The Herbalife Diet is for people looking to lose weight and improve their financial health. (The "financial health" angle results from a multi-level marketing component of the diet.) Consisting of high-protein shakes and herbal supplements, the Herbalife Diet works on the theory that a high-protein diet curbs hunger and raises the body's natural metabolism while consuming less calories. The company also offers energy drinks and skin products. Some of the products are vegetarian, some are even kosher or halal.

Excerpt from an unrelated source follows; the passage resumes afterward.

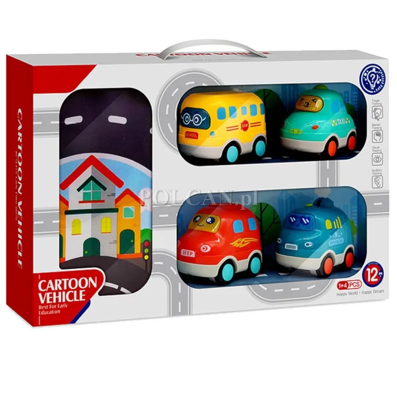 Zestaw 4 pojazdów z kolorową mapą – idealny dla dzieci od 12 miesiąca życia

Costing about $4-$5/day, the Herbalife Diet plan substitutes breakfast and lunch with protein shakes, herbal supplements and multivitamins. For dinner, Herbalife dieters eat a well-balanced meal, with no food restrictions, and cell-activator capsules. Most people stay with the Herbalife Diet until they achieve their weight-loss goal. Herbalife dieters are encouraged to join the network marketing network by becoming part of the direct-sales team. Herbalife believes that the plan's success and visible results in its users lead to effective marketing.

How It Was Started

Herbalife was started in 1980 by Mark Hughes who lost his mother to unsafe dieting practices and wanted to create a safe dieting plan. Herbalife is a publicly traded company (NYSE: HLF) retailing in 70 countries through a network of 1.9 million independent distributors.

Clinical Studies

In August 2008, findings were published from a study conducted at UCLA's Center for Human Nutrition. Doctors studied 100 overweight people over one year to examine the effects of protein supplementation in meal replacement shakes using Herbalife's "Formula 1." A similar study was conducted at the University of Ulm in Germany. Both studies found the meal replacement shakes could aid in weight loss and that those people with higher protein diets lost more body fat. The German study also concluded that high-protein shakes could reduce metabolic syndrome risk factors.

Cautionary Notes

Herbalife products used two ingredients that contained ephedrine alkaloids, but after the USDA banned ephedrine in 2004, Herbalife has since ceased using the two ingredients. There is also doubt that the diet contains healthy levels of nutrients and calories to build healthy muscle mass or to maintain a healthy immune system.